Synthetic datasets oftentimes satisfy structural constraints (e.g. that they contain tree graphs) and thereby have a notion of validity of graphs. Consequently, generative models may be evaluated by the fraction of generated graphs that fulfill these constraints and are thereby valid. Moreover, one may compute the fraction of graphs that are unique within the generated set and the fraction of graphs that are novel in the sense that they do not occur in the training set. The fraction of graphs that satisfy all three properties (validity, uniqueness, and novelty) is referred to as VUN.

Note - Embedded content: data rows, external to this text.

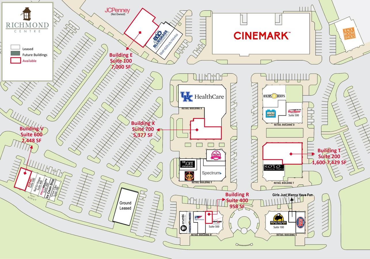 Richmond Centre makes shopping a pleasure. It offers consumers a vibrant, open-air setting comprised of approximately 685,000 square feet of retail space, including traditional department stores, specialty retailers, a bookstore, cinema and restaurants. The center is anchored by Meijer, JCPenney, Belk, Cinemark, T.J. Maxx, HomeGoods, Ulta, Dick's Sporting Goods and Michaels. The Center is located in Richmond/Madison County one of the fastest growing communities in Kentucky. Richmond Centre is the dominant retail development in the market and the largest center on I-75 between Lexington, KY and Knoxville, TN. NNN's estimated to be $3.50 PSF. Centrally located 21 miles south of Lexington and directly off I-75 at Exit 87, Richmond Centre is the premier shopping, dining and entertainment venue in south, central Kentucky. This 119-acre retail center is where you can truly simplify your life. Richmond' s location makes it the regional hub with the natural trade area extending significantly to the south and east. Richmond is the business, healthcare and educational center for parts of an eight-county area. A recent study found that as much as 59% of retail shoppers and restaurant patrons come from outside of Madison County. Richmond draws many diners because it is the only wet city for an area extending 45 miles to the south and east of the city. Richmond is home to Eastern Kentucky University, which has a student enrollment of 14,465, as well as 1,600 employees.
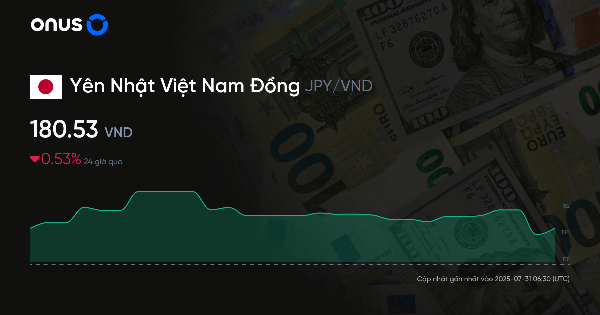 Việc quy đổi Yên Nhật (JPY) sang đồng Việt Nam (VND) thường được nhiều người quan tâm, nhất là khi có nhu cầu du lịch, học tập hoặc giao dịch thương mại với Nhật Bản. Tỷ giá giữa hai đồng tiền này không cố định mà thay đổi theo thị trường ngoại hối. Trong năm 2025, tỷ giá trung bình dao động khoảng 174 đồng Việt Nam cho mỗi 1 yên Nhật, với mức cao nhất từng đạt gần 184 đồng và thấp nhất khoảng 160 đồng.
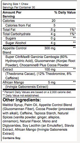 -. Binding : Health and Beauty -. Brand : NLA for Her -. EAN : 0701385375683 -. Feature : Naturally flavored rich chocolate advanced appetite suppressant support / Gluten free / Contains 0 g of sugar / Naturally sweetened / Only 20 calories per chew -. IsAdultProduct : 0 -. Label : Lone Star Distribution -. LegalDisclaimer : Excessive consumption may have a laxative effect. -. Manufacturer : Lone Star Distribution -. Model : 8210014 -. MPN : 4170588806 -. NumberOfItems : 1 -. PackageQuantity : 1 -. PartNumber : 4170588806 -. ProductGroup : Health and Beauty -. ProductTypeName : HEALTH_PERSONAL_CARE -. PublicationDate : 2016-01-17 -. Publisher : Lone Star Distribution -. ReleaseDate : 2016-01-14 -. Studio : Lone Star Distribution -. Title : NLA For Her Appetite Control Performance Chew, Rich Chocolate, 30 Count -. UPC : 701385375683
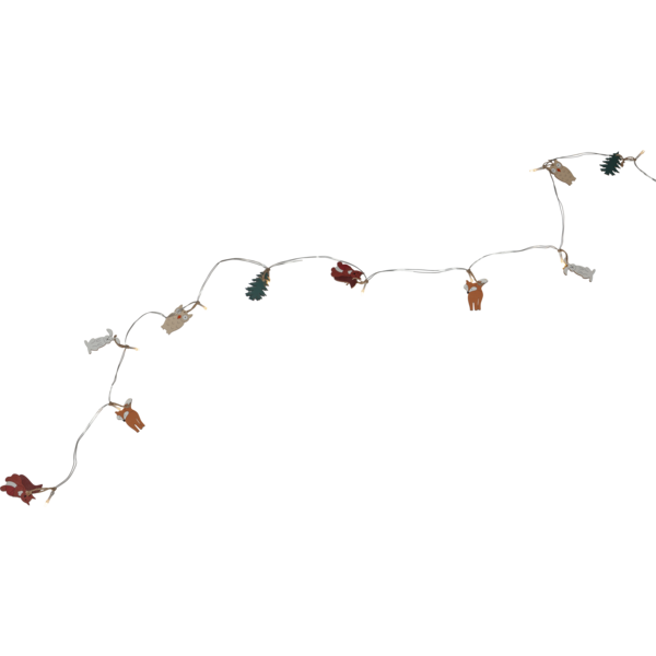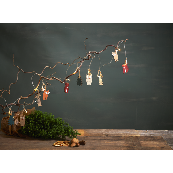 Ljusslinga för inomhusbruk dekorerad med 10 st träfigurer i vackra färger. Figurerna är fastknutna med hampasnöre. Dekorativ inredning som ger ett mysigt sken i hemmet. Passar perfekt till våra övriga produkter i Forest Friends serien.
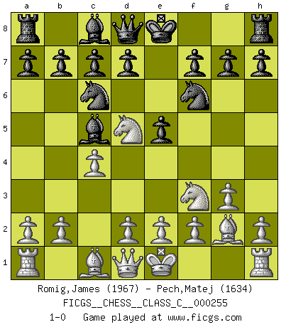 Last move : 1-0 2018 July 30 8:46:10 [Event "FICGS__CHESS__CLASS_C__000255"] [Site "FICGS"] [Date "2018.05.27"] [Round "1"] [White "Romig,James"] [Black "Pech,Matej"] [Result "1-0"] [WhiteElo "1967"] [BlackElo "1634"] 1.c4 e5 2.Nf3 Nc6 3.Nc3 Nf6 4.g3 Bb4 5.Nd5 Bc5 6.Bg2 1-0 This chess game has been lost on time (started : 2018.05.27 12:56:6) English, Nimzovich variation Player White won this chess game. Follow this game move after move (download)Good positions don't win games, good moves do. (Gerald Abrahams) Kein Großmeister ist normal. Sie unterscheiden sich nur im Ausmaß Ihrer Verrücktheit. (Viktor Kortschnoi) El juego de Damas es para vagabundos. (Paul Morphy) En blitz, le Cavalier l'emporte sur le Fou. (Vlastimil Hort) 'preceded by its own quotation yields a falsehood' preceded by its own quotation yields a falsehood. (W. V. O. Quine - Set Theory And Its Logic, 1953)
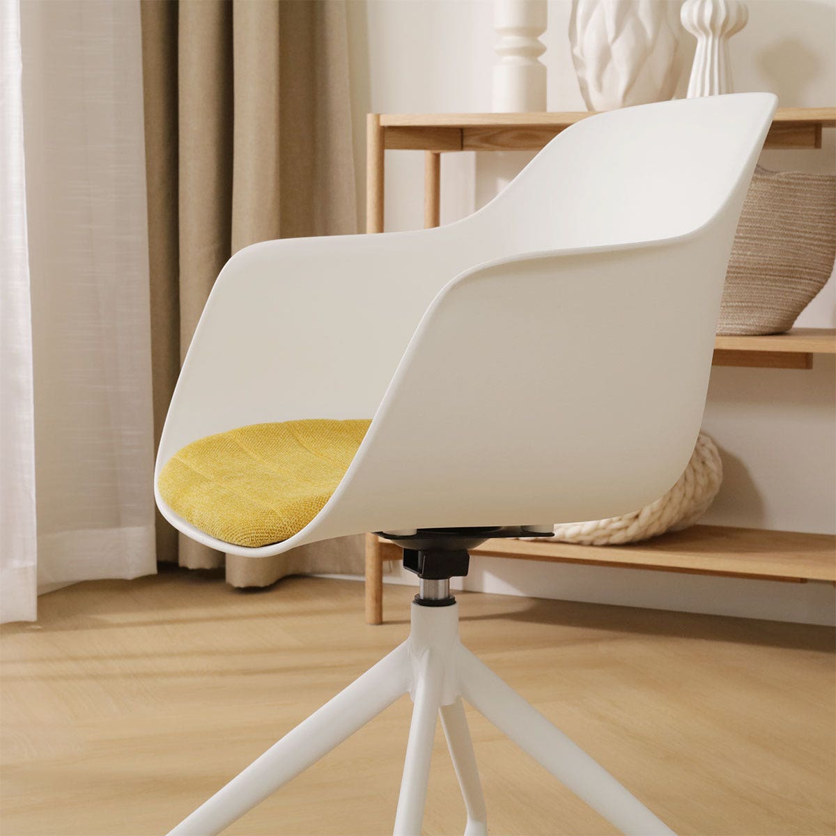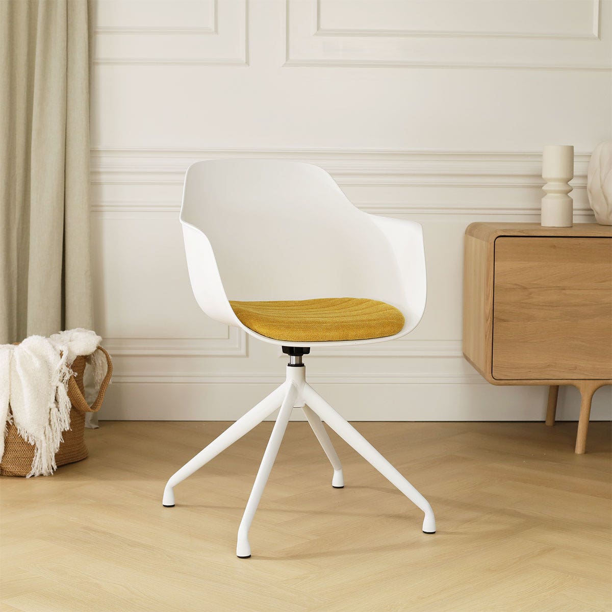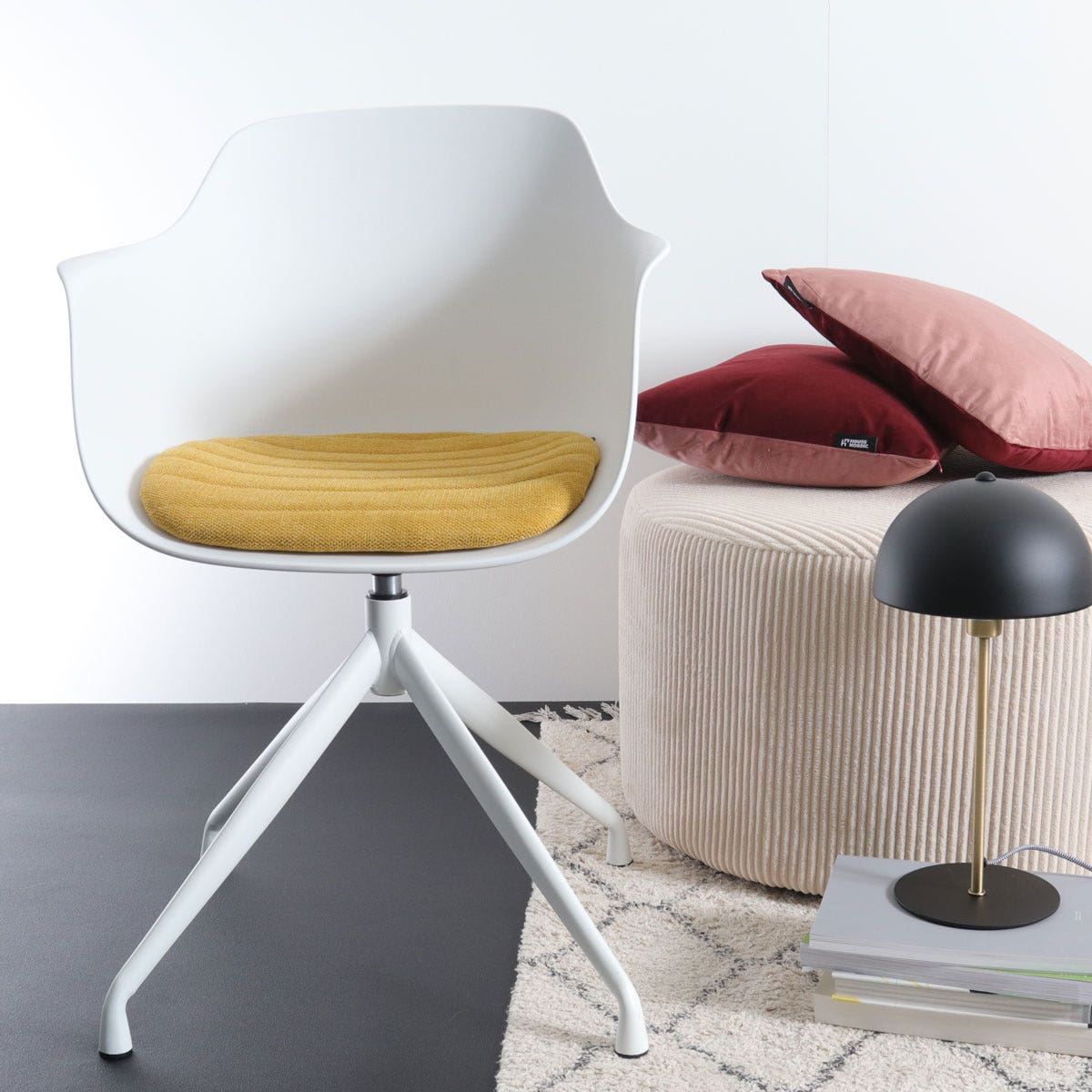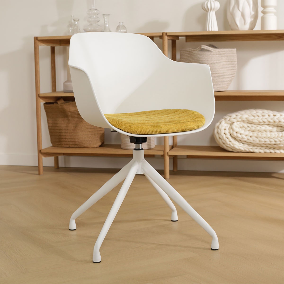 De Nola draaibare eetkamerstoel met een kunststof zitting met armleuningen is een mooie elegante stoel die als blikvanger dient rondom je eettafel.
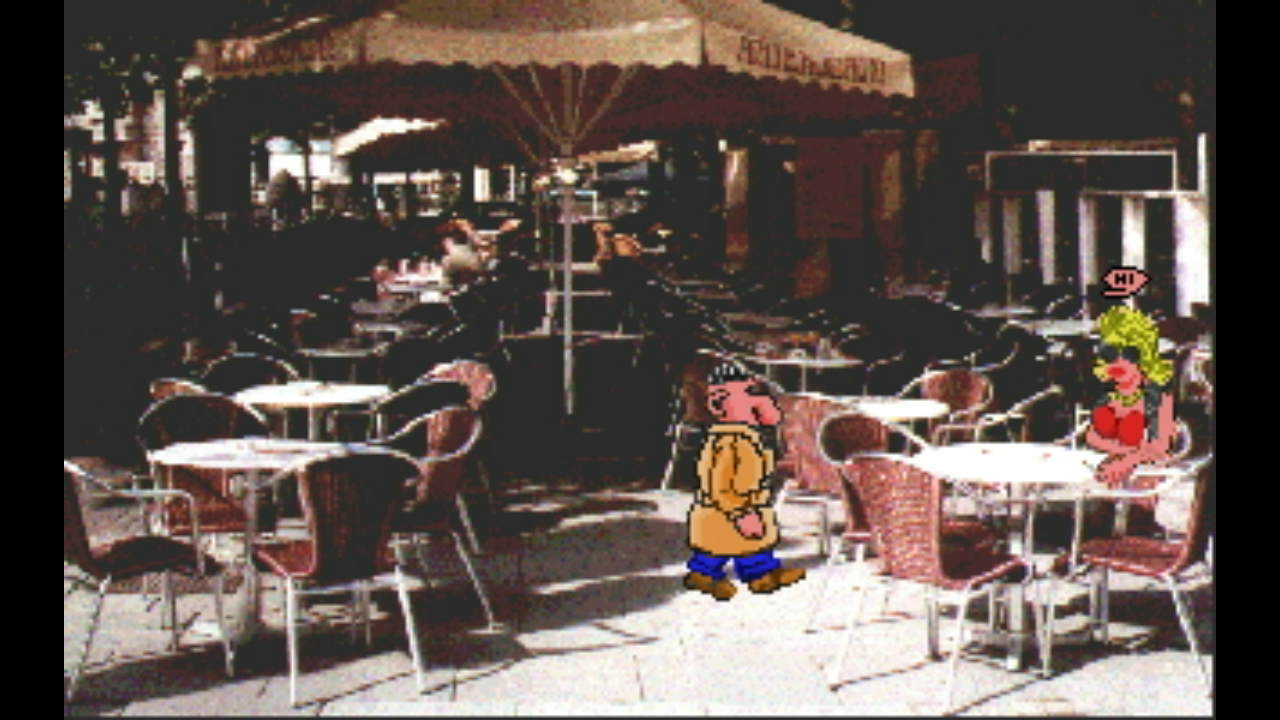 The game uses an interface similar to Sierra's SCI adventures. Unlike Sierra games, you have a feature that the game indicates when the cursor is over an usable object. While the characters are drawn cartoons, the backgrounds consist of photos of real-life locations in Amsterdam.
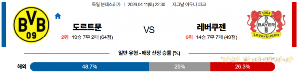 2026-04-11 22:30 분데스리가 보루시아 도르트문트 레버쿠젠
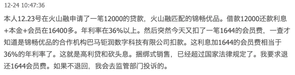 一名用户在2025年12月24日投诉称,“本人12月23号在火山融申请了一笔12000元的贷款,火山融匹配的锦畅优品。借款12000还款利息+本金+会员在16400多元。年利率在36%以上。然后突然今天又扣了一笔1644元的会员费,一查才知道是锦畅优品的合作机构巴马钜润数字科技有限公司扣款。”
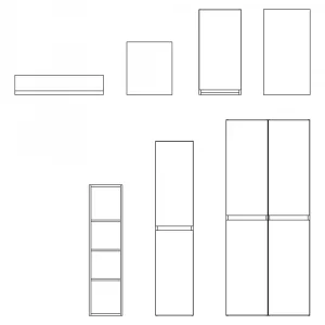 The collection includes a variety of formats to adapt to different layout requirements. From 40×40 cm wall-mounted cube units to single-door hanging units in 35×70 cm and 40×70 cm sizes, BASIC offers flexibility for bathrooms of different sizes. The range is completed with shelves available in multiple lengths (50, 60, 70, 80, 90, 100, and 120 cm), a 110 cm high open vertical shelving unit, and storage columns with 2 doors (160 cm high) and 4 doors (185 cm high), expanding storage possibilities for residential and commercial projects.
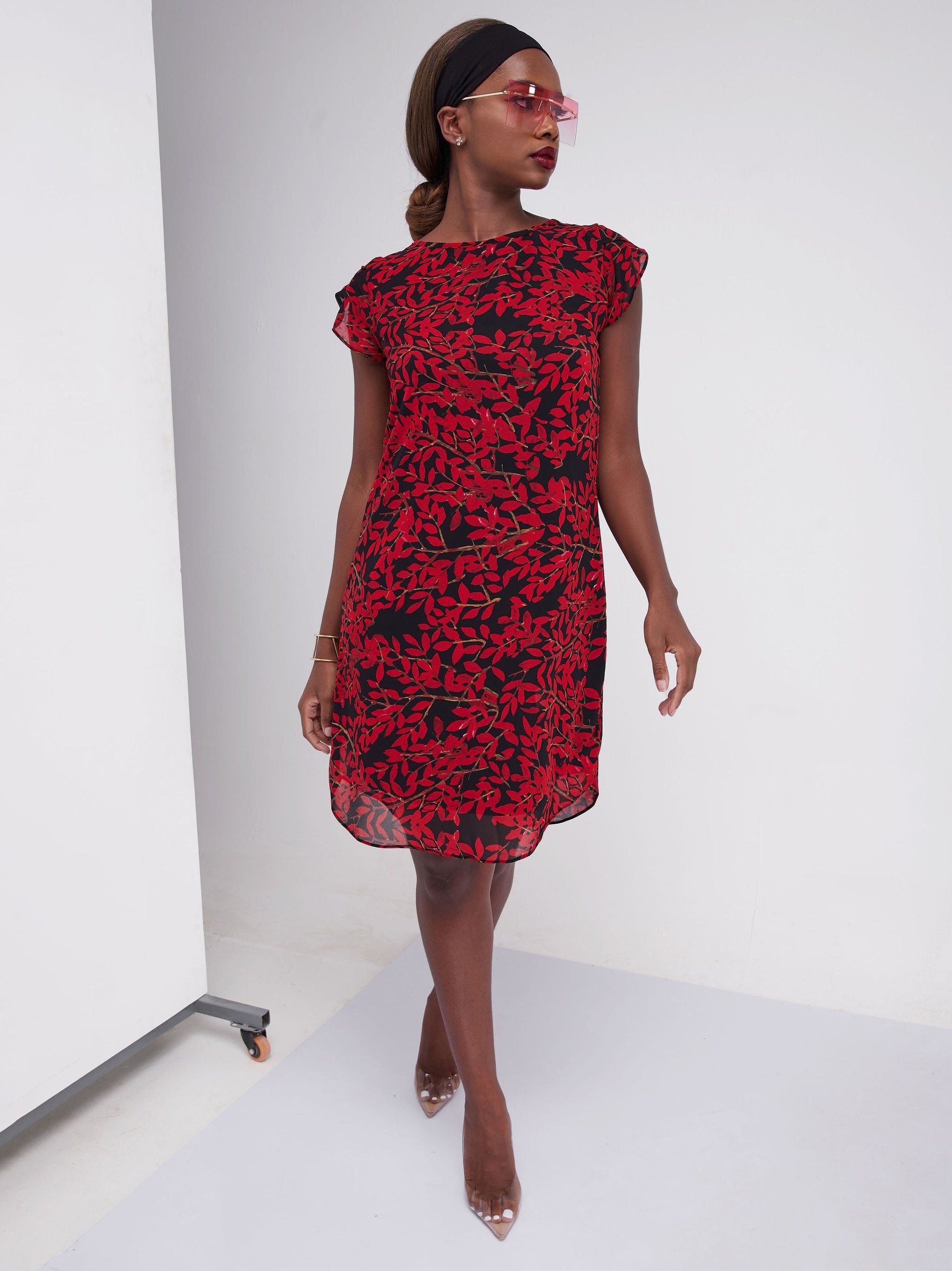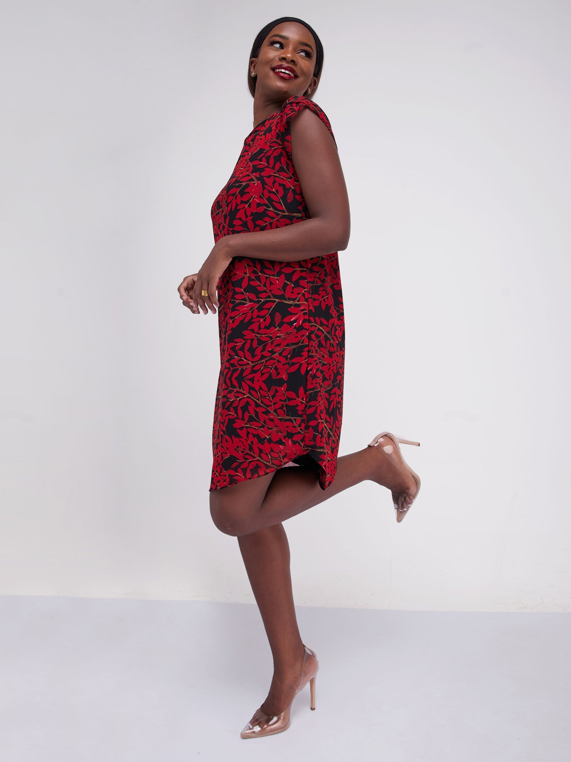 Vivo Lalea Cap Sleeve Shift Dress - Red Leaf Print
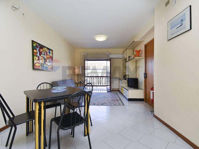 Posizione: al centro di Fondachello di Mascali, zona bar Iceberg, in complesso residenziale moderno e ben tenuto, appartamento al secondo piano, arredato, doppia esposizione, con garage (in opzione e con aggiunta di 15mila euro), ad 1 minuto a piedi dalla spiaggia libera e pochi km da Taormina e Giardini Naxos; vivibile da una famiglia tutto l'anno nonché utilizzabile come investimento per uso turistico.
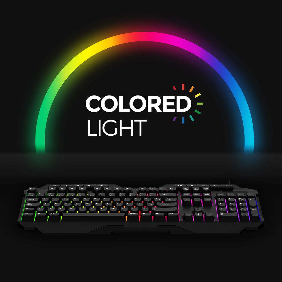 คีย์บอร์ดเกมออปติคอลแบบมีสาย KB-809คีย์บอร์ดแบบมีสายสีดำแบบสเปนพร้อมไฟส่องสว่างหลากสีสำหรับคอมพิวเตอร์ตั้งโต๊ะแล็ปท็อป
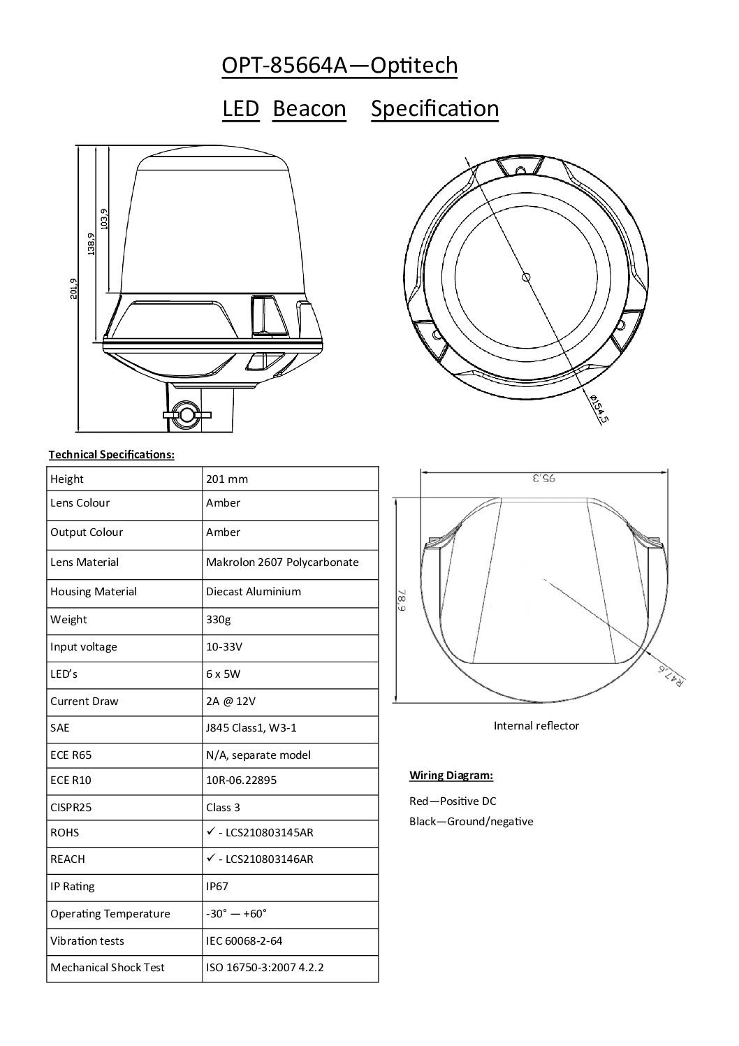 Vision X Optitech LED beacons are engineered to produce smooth, highly visible rotating patterns suitable for many different applications. This has been achieved through a proprietary reflector optic in combination with 6 x 5 watt high power LEDs.

We implement these metrics in the VUN class. To determine novelty, this metric must be passed the training set on which the generative model was optimized. The test set, on the other hand, must not be passed to this class:

from polygraph.metrics import VUN

train = PlanarGraphDataset("train")
generated = SBMGraphDataset("val")

metric = VUN(
    train_graphs=train.to_nx(),         # Pass the training set to determine novelty
    validity_fn=train.is_valid
)
print(metric.compute(generated.to_nx()))        # {'unique': 1.0, 'novel': 1.0, 'unique_novel': 1.0, 'valid': 0.0, 'valid_unique_novel': 0.0, 'valid_novel': 0.0, 'valid_unique': 0.0}

All synthetic datasets in the polygraph package provide a static is_valid function. If no validity function is available for your dataset, validity_fn may be set to None. In this case, only the fraction of unique and novel graphs is computed.